The dischargeability test is somewhat different in Chapter 13 banrkuptcy. A Chapter 13 bankruptcy a debtor can discharge:
- Taxes for which tax returns were filed late but within the two years preceding the bankruptcy, provided tax assessments have either not been made or have been made more than 240 days prior to the bankruptcy filing; AND
- Taxes related to fraudulent returns or taxes the debtor willfully attempted to evade or defeat.
Discharge of Interest and Penalties: If your income taxes meet the requirements to be discharged then any interest that has accumulated will also be subject to discharge in Chapter 13 bankruptcy. The general rule is that if the event that gave rise to the penalty occurred more than 3 years before the bankruptcy then the penalty can be discharged in bankruptcy.
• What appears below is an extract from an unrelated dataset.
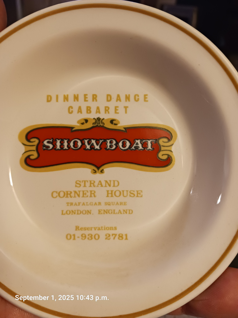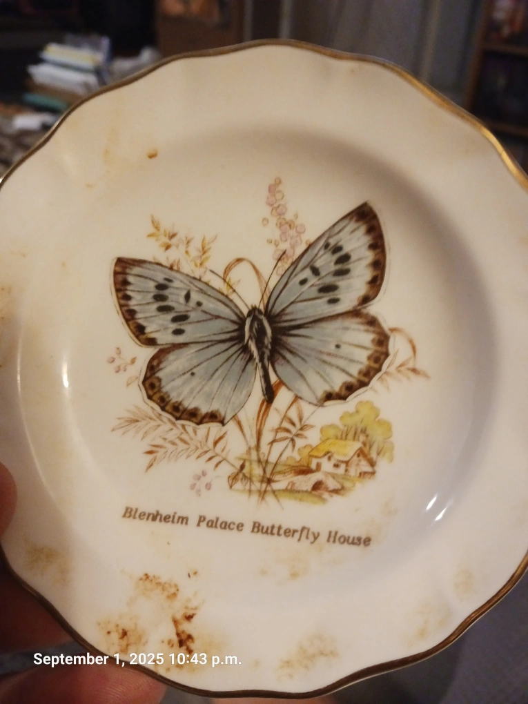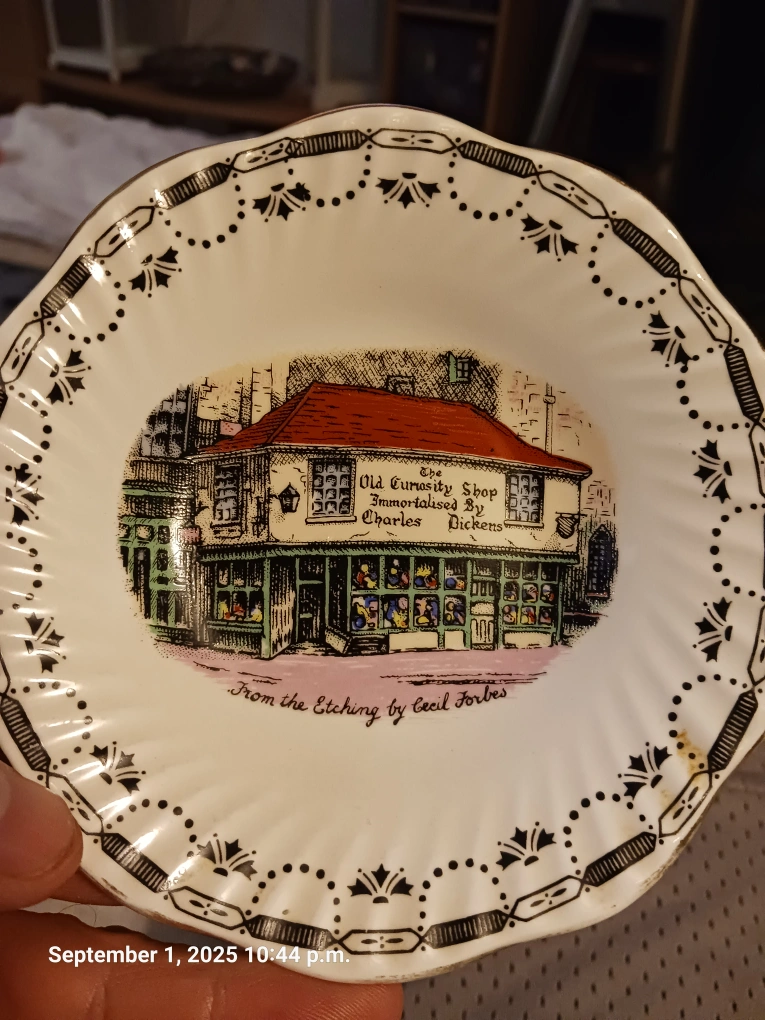 Selling a set of vintage saucer plates featuring unique designs! One plate showcases "The Old Curiosity Shop Immortalised By Charles Dickens" from an etching by Cecil Forbes. Another plate features a butterfly design from Blenheim Palace Butterfly House. The third plate features the Showboat. These plates are from Rosina China and Ridgway Steelite, made in England. They'd make a lovely addition to any collection or a charming decorative piece!

Chapter 7 Bankruptcy Tax Relief
Chapter 7 Bankruptcy will eliminate all dischargeable income tax debt. Chapter 7 does not avoid recorded tax liens.
Chapter 13 Bankruptcy Tax Relief
Chapter 13 bankruptcy involves a payment plan approved by the bankruptcy court under which a debtor pays some of his debts and discharges other debts.
There are two basic tax discharge rules in a Chapter 13 bankruptcy:
- Taxes not dischargeable in Chapter 13 are considered “priority debts” and they must be paid in full during the Chapter 13 plan. The amount of the priority tax debt includes interest and penalties assessed up to the bankruptcy filing date, but the assessment of interest and penalties stops once the bankruptcy petition is filed.
- Dischargeable tax debts will be paid in part during the bankruptcy plan, and the unpaid balance is wiped out upon successful completion of the plan.
Chapter 13 bankruptcy is better than Chapter 7 for some debtors. Chapter 13 bankruptcy enables homeowners to stop foreclosure and catch up past-due mortgage payments over the period of the Chapter 13 plan. Chapter 13 helps taxpayers who have assessed civil tax penalties. Tax penalties may not be discharged in Chapter 7 bankruptcy, and in Chapter 13 the penalties accrued to filing date must be paid in full during the Chapter 13 plan. However, filing Chapter 13 stops additional IRS interest and penalties which enables the debtor to payoff his IRS debts much faster than if he were unprotected by the Chapter 13 bankruptcy.